In a university where one out of five international students is from India, the country has never really been far from its management's consciousness. But now Purdue University, one of America's most respected institutions, is going all out to engage India, which many of its faculty members describe as "one of the two most exciting destinations".
Set amid America's heartland and known particularly for its excellence in teaching engineering, agriculture and pharmacy, Purdue has traditionally drawn a large number of students from India.
Currently, of the 4,831 international students enrolled at Purdue in the academic year, 1,021 are from India. China with 782 and South Korea with 680 complete the top three countries from international students come to study in large numbers. The university also has more than 85 faculty of Indian origin, mostly in engineering, management and science.
After Purdue president Martin C. Jischke visited India in November 2004, he came back convinced that the university's Asia focus should be on India and China.

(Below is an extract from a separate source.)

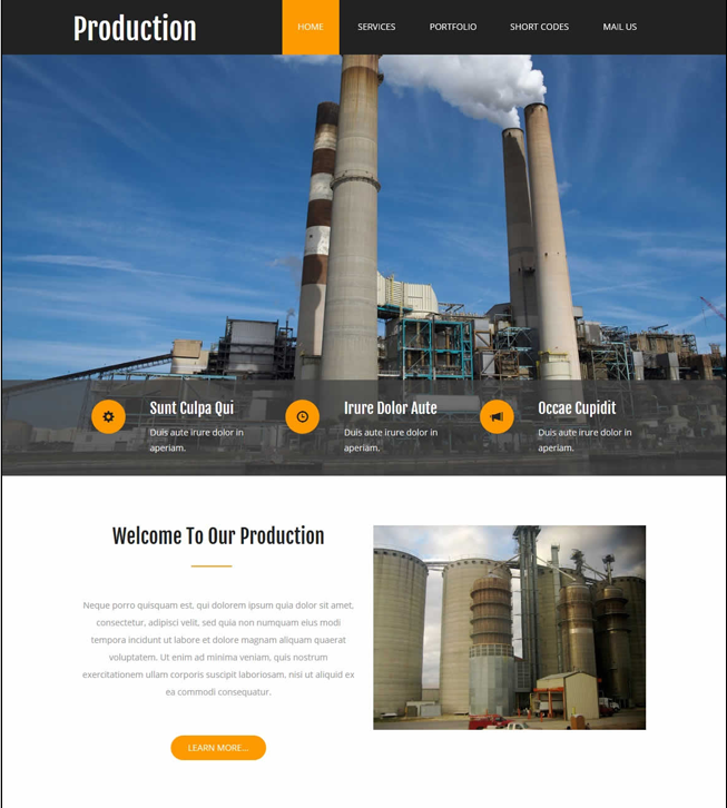 工业生产建筑企业网站模板基于Bootstrap3.3.4制作,响应式设计,兼容PC端和手机移动端,全套模板,包括首页、服务、作品集、短代码、联系等多个网站模板页面。

Charles Rutledge, vice president for research, who is leading a delegation to India from Jan 29 to Feb 7, says: "I am really looking forward to going to India at a time of great progress. I believe Purdue with its expertise in agriculture, pharmacy and engineering can contribute a great deal to India."
An organic chemist, Rutledge is particularly excited about a research agreement with India's Department of Science and Technology scheduled to be signed in New Delhi Feb 5.

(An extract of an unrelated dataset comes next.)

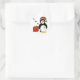 Un pingüino personalizado con sombrero de santa, de pie junto a un gran regalo envuelto en rojo. 'Ho, Ho, Ho' es el mensaje alegre.

"We hope this visit and this agreement with the Indian government's leading science and technology agency will boost Purdue's visibility at the highest levels of India and at the grassroots level, where the seeds of cutting-edge university research are being planted," Rutledge said in an interview.
"Of Purdue's international enrollment, India provides Purdue with more students than any other country. And by expanding the bridge between India and Purdue's Discovery Park, we look to become a preferred US institution for research collaborations with India," he said.
The agreement will establish formal research collaborations and exchanges of researchers, students and faculty between Purdue and Indian institutions.
Apart from Rutledge, the four-member delegation will consist of Alan H. Rebar, executive director of Discovery Park; Pankaj Sharma, assistant director of Discovery Park; and Jay P. Gore, interim director of Discovery Park's Energy Center and Purdue's Vincent P. Reilly Professor of Mechanical Engineering and associate dean of the College of Engineering.
Discovery Park is Purdue's impressive $330 million interdisciplinary complex tackling challenges in areas ranging from alternative energy and health-care delivery to nanotechnology and cyber infrastructure.
"We believe that many scientific and economic challenges that India faces today align closely with the work we do at Discovery Park. The time has never been as opportune as it is now for India and Purdue to work together," Sharma said.
He said that officials in Amethi in Uttar Pradesh had announced plans to open a 60-acre Discovery Park research complex, modelled after Purdue's Discovery Park with a focus on health, education and agribusiness.
The Purdue delegation's week-long visit will feature meetings with academic and political leaders in the research areas of nanotechnology, entrepreneurship, energy, life sciences, IT, health care, pharmaceuticals, agriculture and the environment, according to Rutledge.
Meetings also are planned with officials at several research facilities in India, including the Indian Institute of Science, Jawaharlal Nehru Centre for Advanced Scientific Research, Centre for Cellular and Molecular Biology, Tata Energy Research Institute, Jawaharlal Nehru University, Indian Institute of Technology in New Delhi, Indian Institute of Information Technology in Allahabad and Indian School of Business in Hyderabad.
Purdue officials will meet top executives at Dr. Reddy's Laboratories Ltd in Hyderabad, Infosys Technologies Ltd in Bangalore and Satyam Computer Services Ltd in Hyderabad.
"With a middle class of 300 million people fascinated with buying American-made products, India, as the world's largest democracy, is poised to eclipse Japan and China as Asia's fastest growing economy by 2010," Rebar was quoted as saying by a Purdue release.
"We believe Discovery Park is ideally suited to help Purdue expand and collaborate with institutions, governmental agencies, researchers and industries in countries such as India."
"As economic neighbours and trade partners in a flat world, we know that India faces many of the same challenges in the areas of energy, science and technology that we face in this nation," Gore said. "The expansion of this partnership to India's primary government research agency will benefit both of us as we travel this challenging world together."
In January 2006, Purdue Provost Sally Mason led a group of university officials who spent a week in India.
During the visit they signed a five-year agreement with the Tata Institute of Fundamental Research in Mumbai to foster collaborations in life sciences fields between Indian scientists and Purdue researchers from the Bindley Bioscience Center at Discovery Park.
Some of India's most high profile names, including C.N.R. Rao, an eminent scientist and policy advisor, and industry leaders such as Ravi Venkatesan, the India chief of Microsoft, as well as Satish Reddy and G.V. Prasad, COO and CEO respectively of Dr. Reddy's Laboratories are Purdue alumni.